» Exercise description
When you transcribe the data below, reproduce every line exactly and leave each picture out.

» Dataset content
────────────────────────────────────────

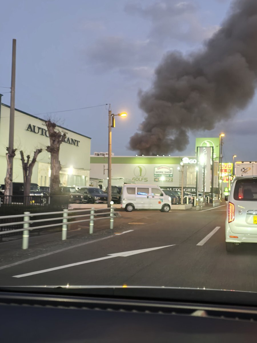 『バイパス沿いの青江あたりで火事!ジョリーパスタの近く。かなり燃えてる感じだった』
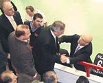 Voleybol Erkekler Ligi'ndeki olaylı maçta ikinci Fenerbahçe, lider Halkbank'ı 3-2 yendi. Fenerbahçe Başkanı Aziz Yıldırım 3. set sonrasında "Hareket yaptı" dediği Volkan'ın üzerine yürüdü. Hakem Kadir İlbeyi de olayları yatıştırmaya çalıştı. Setler 2-2 iken, Halkbank antrenörü Salih Yergi sahaya yedek oyuncularını sürdü. F.Bahçe son seti alarak lideri
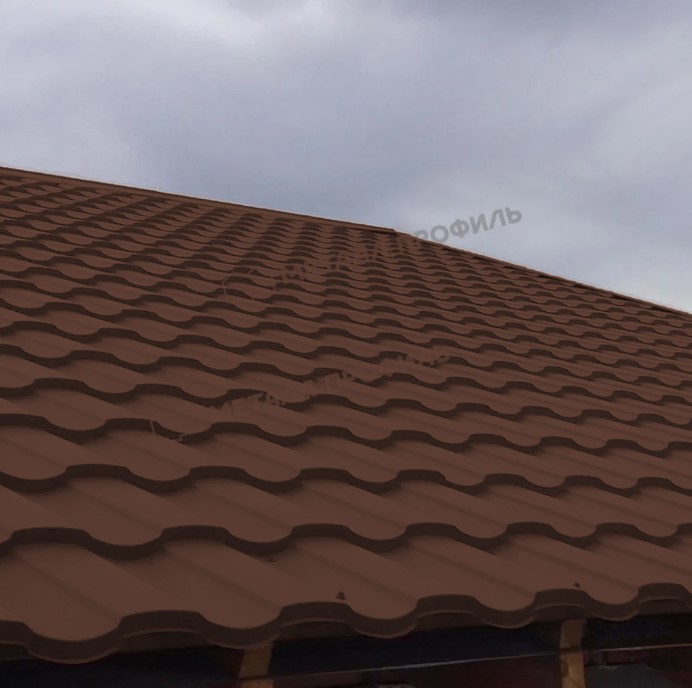 Профиль Монтекристо-SL характеризуется симметричной волной, имитирующей натуральную черепицу с плавными изгибами. Высота волны составляет 25 мм, что обеспечивает отличную жесткость и сопротивление ветровым нагрузкам. Длина листа может варьироваться, но стандартные размеры позволяют минимизировать отходы при монтаже. В темно-коричневом исполнении профиль выглядит элегантно и солидно, подчеркивая классический дизайн зданий. Этот профиль оптимизирован для быстрой укладки, с замковыми соединениями, которые гарантируют герметичность стыков.

────────────────────────────────────────

» Answer area
 『バイパス沿いの青江あたりで火事!ジョリーパスタの近く。かなり燃えてる感じだった』
 Voleybol Erkekler Ligi'ndeki olaylı maçta ikinci Fenerbahçe, lider Halkbank'ı 3-2 yendi. Fenerbahçe Başkanı Aziz Yıldırım 3. set sonrasında "Hareket yaptı" dediği Volkan'ın üzerine yürüdü. Hakem Kadir İlbeyi de olayları yatıştırmaya çalıştı. Setler 2-2 iken, Halkbank antrenörü Salih Yergi sahaya yedek oyuncularını sürdü. F.Bahçe son seti alarak lideri
 Профиль Монтекристо-SL характеризуется симметричной волной, имитирующей натуральную черепицу с плавными изгибами. Высота волны составляет 25 мм, что обеспечивает отличную жесткость и сопротивление ветровым нагрузкам. Длина листа может варьироваться, но стандартные размеры позволяют минимизировать отходы при монтаже. В темно-коричневом исполнении профиль выглядит элегантно и солидно, подчеркивая классический дизайн зданий. Этот профиль оптимизирован для быстрой укладки, с замковыми соединениями, которые гарантируют герметичность стыков.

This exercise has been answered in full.